# WORK REQUIRED
Would you retype the whole listing exactly, leaving its pictures out?

# EXERCISE DATA
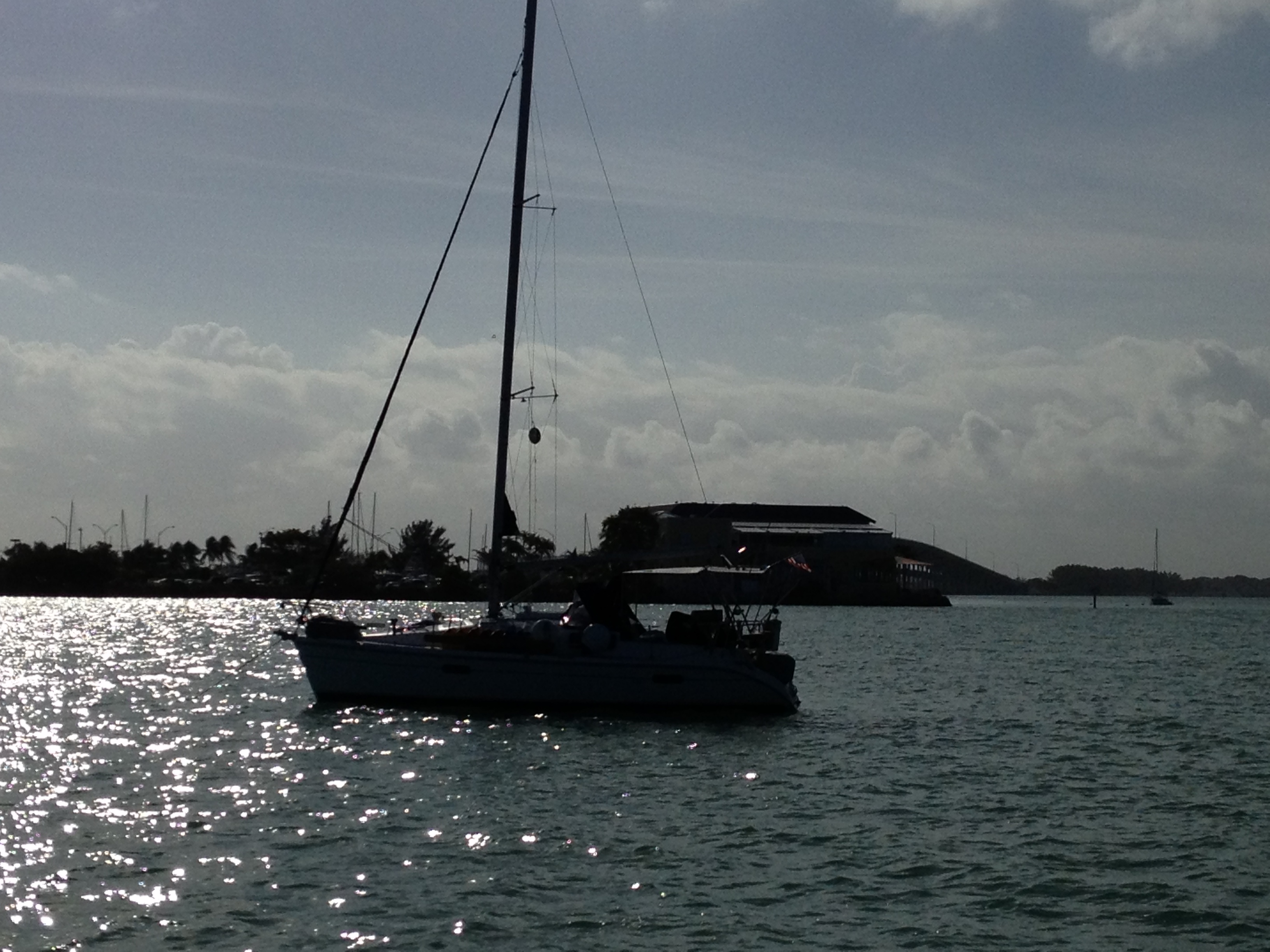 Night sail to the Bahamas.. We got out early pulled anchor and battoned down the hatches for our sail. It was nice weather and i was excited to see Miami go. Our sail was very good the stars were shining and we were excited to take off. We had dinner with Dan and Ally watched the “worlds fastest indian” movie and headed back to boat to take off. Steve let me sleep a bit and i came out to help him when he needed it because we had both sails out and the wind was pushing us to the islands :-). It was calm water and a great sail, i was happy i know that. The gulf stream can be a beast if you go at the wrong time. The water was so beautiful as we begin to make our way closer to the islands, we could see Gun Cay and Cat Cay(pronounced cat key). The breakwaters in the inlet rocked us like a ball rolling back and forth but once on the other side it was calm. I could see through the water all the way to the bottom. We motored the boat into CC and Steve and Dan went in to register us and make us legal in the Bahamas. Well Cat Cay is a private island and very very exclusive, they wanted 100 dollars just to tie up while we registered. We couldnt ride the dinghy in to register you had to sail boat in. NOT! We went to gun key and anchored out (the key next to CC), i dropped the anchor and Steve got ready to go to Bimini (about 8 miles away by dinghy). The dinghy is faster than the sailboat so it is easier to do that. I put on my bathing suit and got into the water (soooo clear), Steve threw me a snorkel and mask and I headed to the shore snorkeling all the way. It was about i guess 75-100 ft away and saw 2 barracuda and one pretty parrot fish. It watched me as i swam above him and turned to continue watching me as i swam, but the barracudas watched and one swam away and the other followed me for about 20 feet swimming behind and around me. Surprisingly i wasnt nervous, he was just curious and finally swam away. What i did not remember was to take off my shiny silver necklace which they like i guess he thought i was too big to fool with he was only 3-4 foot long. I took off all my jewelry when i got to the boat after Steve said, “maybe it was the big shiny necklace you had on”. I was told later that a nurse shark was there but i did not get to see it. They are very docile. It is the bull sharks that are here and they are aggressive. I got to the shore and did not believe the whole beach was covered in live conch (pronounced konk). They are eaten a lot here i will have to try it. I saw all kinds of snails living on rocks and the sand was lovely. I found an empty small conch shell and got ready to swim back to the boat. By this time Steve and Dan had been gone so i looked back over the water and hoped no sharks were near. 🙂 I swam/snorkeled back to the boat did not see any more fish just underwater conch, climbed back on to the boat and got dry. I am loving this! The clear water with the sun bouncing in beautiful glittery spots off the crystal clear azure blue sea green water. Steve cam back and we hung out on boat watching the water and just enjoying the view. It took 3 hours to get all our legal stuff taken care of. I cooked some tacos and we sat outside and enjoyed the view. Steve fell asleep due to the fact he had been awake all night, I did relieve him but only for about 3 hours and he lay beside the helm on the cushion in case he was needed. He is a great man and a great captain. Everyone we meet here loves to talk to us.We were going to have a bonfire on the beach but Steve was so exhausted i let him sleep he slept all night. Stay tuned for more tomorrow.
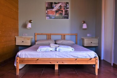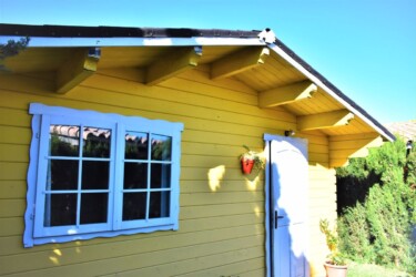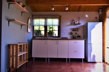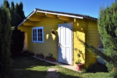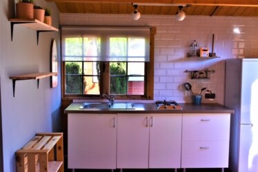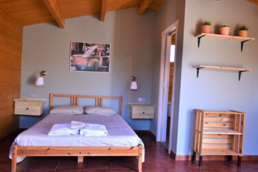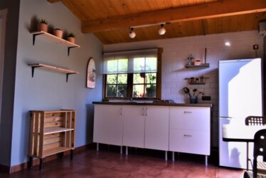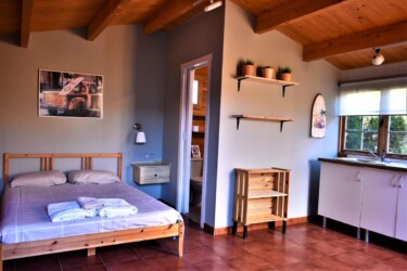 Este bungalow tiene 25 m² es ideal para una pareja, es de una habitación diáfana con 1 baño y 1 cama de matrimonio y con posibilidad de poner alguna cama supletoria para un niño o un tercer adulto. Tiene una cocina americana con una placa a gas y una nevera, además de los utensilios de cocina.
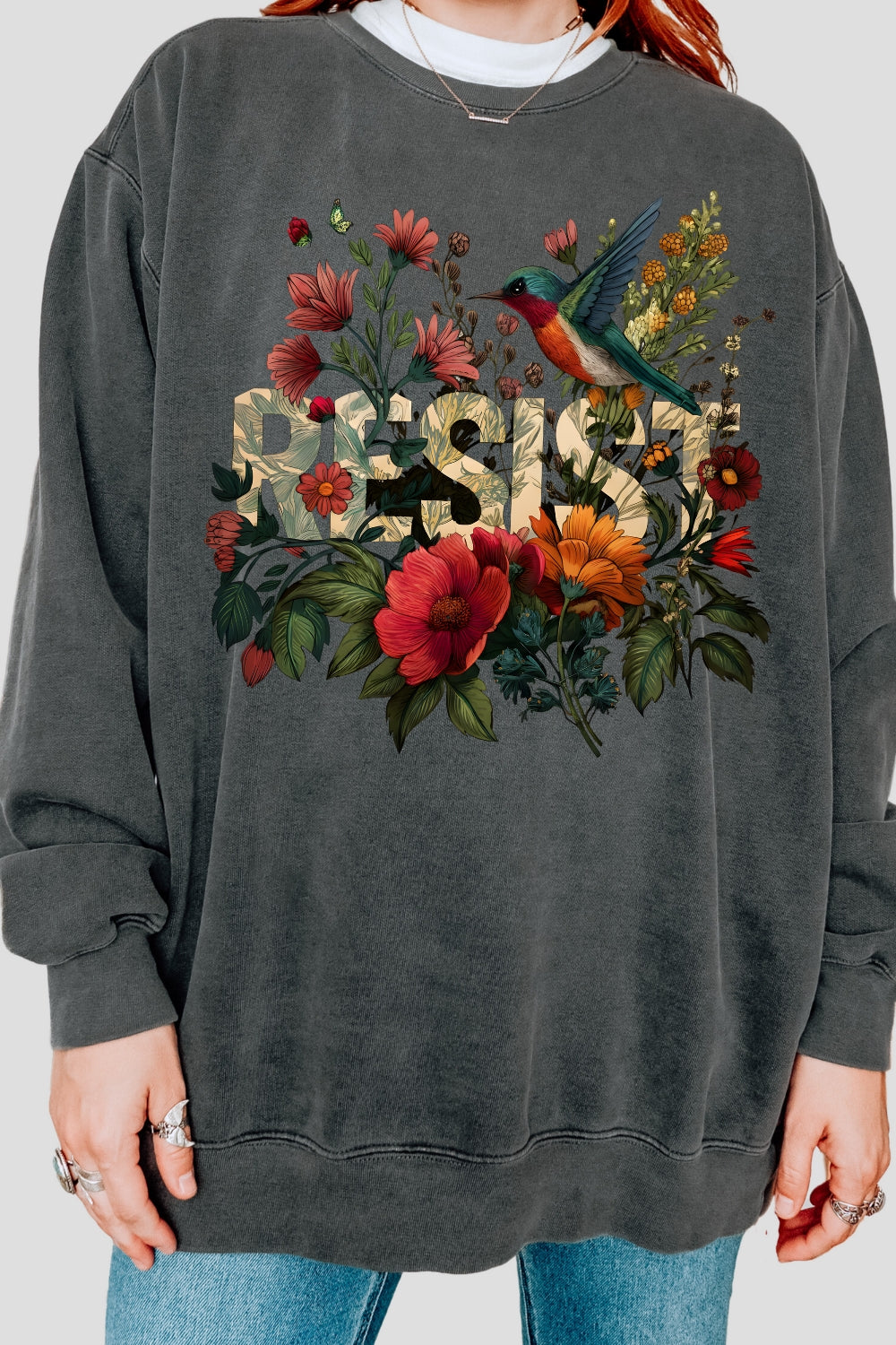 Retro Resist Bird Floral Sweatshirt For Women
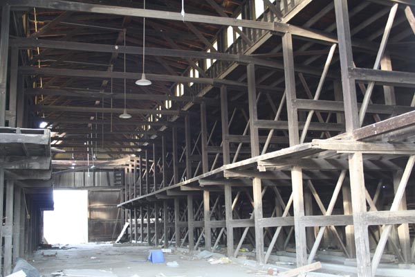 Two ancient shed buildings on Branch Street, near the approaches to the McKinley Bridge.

# RESPONSE TO THIS EXERCISE
 Night sail to the Bahamas.. We got out early pulled anchor and battoned down the hatches for our sail. It was nice weather and i was excited to see Miami go. Our sail was very good the stars were shining and we were excited to take off. We had dinner with Dan and Ally watched the “worlds fastest indian” movie and headed back to boat to take off. Steve let me sleep a bit and i came out to help him when he needed it because we had both sails out and the wind was pushing us to the islands :-). It was calm water and a great sail, i was happy i know that. The gulf stream can be a beast if you go at the wrong time. The water was so beautiful as we begin to make our way closer to the islands, we could see Gun Cay and Cat Cay(pronounced cat key). The breakwaters in the inlet rocked us like a ball rolling back and forth but once on the other side it was calm. I could see through the water all the way to the bottom. We motored the boat into CC and Steve and Dan went in to register us and make us legal in the Bahamas. Well Cat Cay is a private island and very very exclusive, they wanted 100 dollars just to tie up while we registered. We couldnt ride the dinghy in to register you had to sail boat in. NOT! We went to gun key and anchored out (the key next to CC), i dropped the anchor and Steve got ready to go to Bimini (about 8 miles away by dinghy). The dinghy is faster than the sailboat so it is easier to do that. I put on my bathing suit and got into the water (soooo clear), Steve threw me a snorkel and mask and I headed to the shore snorkeling all the way. It was about i guess 75-100 ft away and saw 2 barracuda and one pretty parrot fish. It watched me as i swam above him and turned to continue watching me as i swam, but the barracudas watched and one swam away and the other followed me for about 20 feet swimming behind and around me. Surprisingly i wasnt nervous, he was just curious and finally swam away. What i did not remember was to take off my shiny silver necklace which they like i guess he thought i was too big to fool with he was only 3-4 foot long. I took off all my jewelry when i got to the boat after Steve said, “maybe it was the big shiny necklace you had on”. I was told later that a nurse shark was there but i did not get to see it. They are very docile. It is the bull sharks that are here and they are aggressive. I got to the shore and did not believe the whole beach was covered in live conch (pronounced konk). They are eaten a lot here i will have to try it. I saw all kinds of snails living on rocks and the sand was lovely. I found an empty small conch shell and got ready to swim back to the boat. By this time Steve and Dan had been gone so i looked back over the water and hoped no sharks were near. 🙂 I swam/snorkeled back to the boat did not see any more fish just underwater conch, climbed back on to the boat and got dry. I am loving this! The clear water with the sun bouncing in beautiful glittery spots off the crystal clear azure blue sea green water. Steve cam back and we hung out on boat watching the water and just enjoying the view. It took 3 hours to get all our legal stuff taken care of. I cooked some tacos and we sat outside and enjoyed the view. Steve fell asleep due to the fact he had been awake all night, I did relieve him but only for about 3 hours and he lay beside the helm on the cushion in case he was needed. He is a great man and a great captain. Everyone we meet here loves to talk to us.We were going to have a bonfire on the beach but Steve was so exhausted i let him sleep he slept all night. Stay tuned for more tomorrow.
 Este bungalow tiene 25 m² es ideal para una pareja, es de una habitación diáfana con 1 baño y 1 cama de matrimonio y con posibilidad de poner alguna cama supletoria para un niño o un tercer adulto. Tiene una cocina americana con una placa a gas y una nevera, además de los utensilios de cocina.
 Retro Resist Bird Floral Sweatshirt For Women
 Two ancient shed buildings on Branch Street, near the approaches to the McKinley Bridge.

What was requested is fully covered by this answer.